Like Argentina, Brazil, Costa Rica, Peru and many other Latin American countries, Paraguay offers reporters’ sources protection. As of 2003, Paraguay was one of the members that had either enacted laws pending implementation or were reviewing proposed transparency legislation.

The latest report on Paraguay's freedom was published by Freedom House in 2024. The report stated that Paraguay scored two points out of a total of four regarding the question, “Are there free and independent media?”. It explained that the biggest media organisations were owned by three companies: Zuccolillo Group, Vierci Group, and Cartes Group, which was too concentrated; so the protection of freedom of expression and the press was inconsistent and uneven.

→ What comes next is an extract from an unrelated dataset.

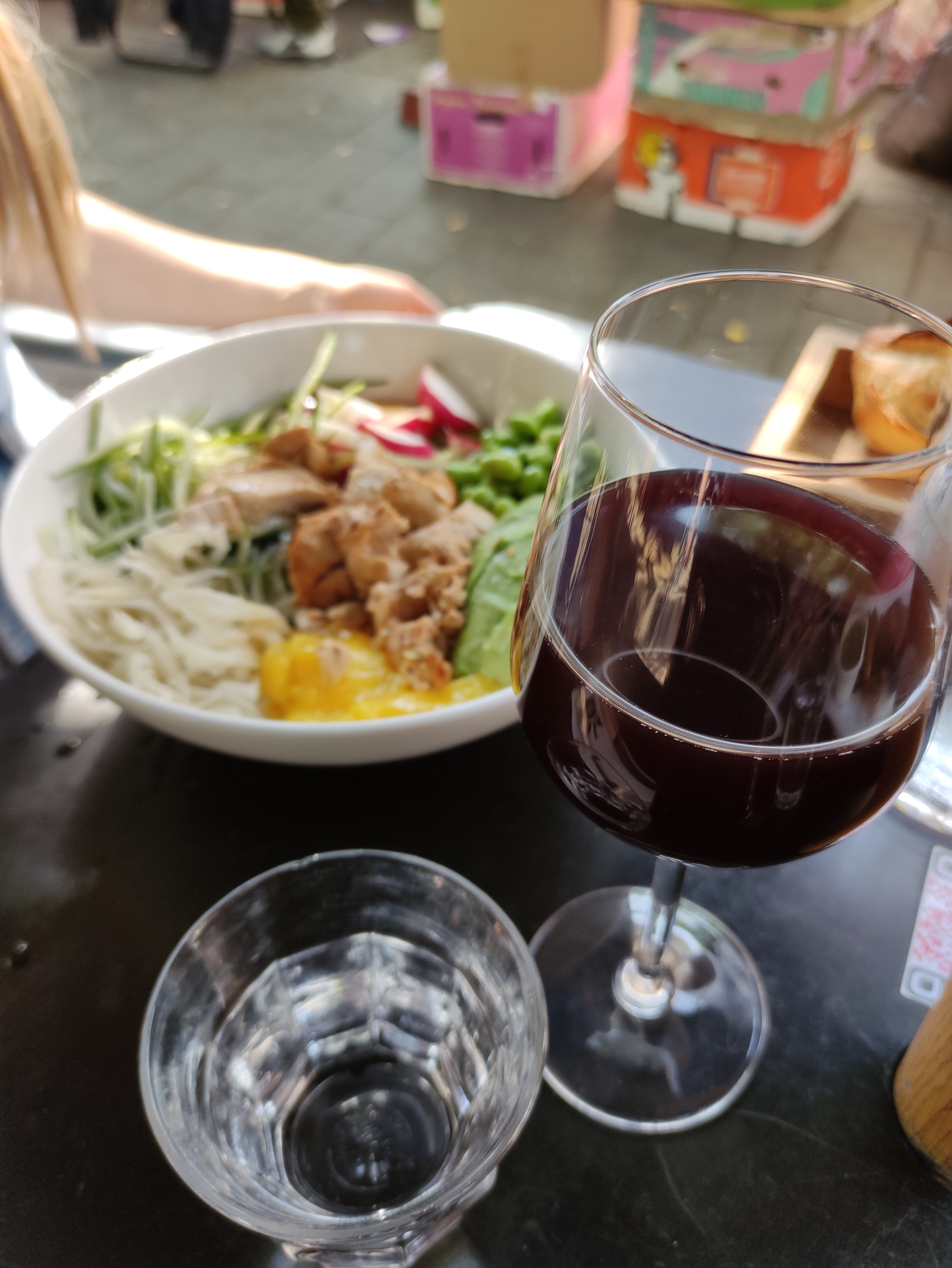Tres bon bar a vin avec toujours un repas de qualité. J adore la salade thaï !

For instance, news covering corruption was censored, and the journalists were often sued, threatened and killed.

According to RSF, Paraguay ranked 84th out of 180 countries and territories all over the world in the 2025 World Press Freedom Index. The 2024 Paraguay Country Report published by the BTI claims that both private and state media are pluralistic. The mass media are still affected by ownership concentration and political parties.

== Media and Electoral Process ==
During the Stroessner years, the mass media were not seen as a propagandistic tool in the electoral process, nor mentioned in the electoral law, Estatuto Electoral. Paraguayans received a large amount of information about propaganda when they consumed media through the National Radio Network, the Noticiero Nacional in movie theatres, and the Colorado Party's broadcasting network.

In 1990, the media broke into the electoral process, as a new electoral law allowed parties and political activists to engage with the media to convey their propaganda messages to the public. The new code was reviewed and modified in 1995, but the fundamental principles established in 1990 were retained. Election media campaigning mainly focused on radio and television, the public would receive either paid campaigning funded by political parties or free advertisements distributed by the Supreme Electoral Court.

After the Internet was introduced in Paraguay, the presence of television and multimedia in election campaigning increased, as it was combined with traditional media. For example, two candidates in the 2000 Vice presidential election established personal home pages on the Internet.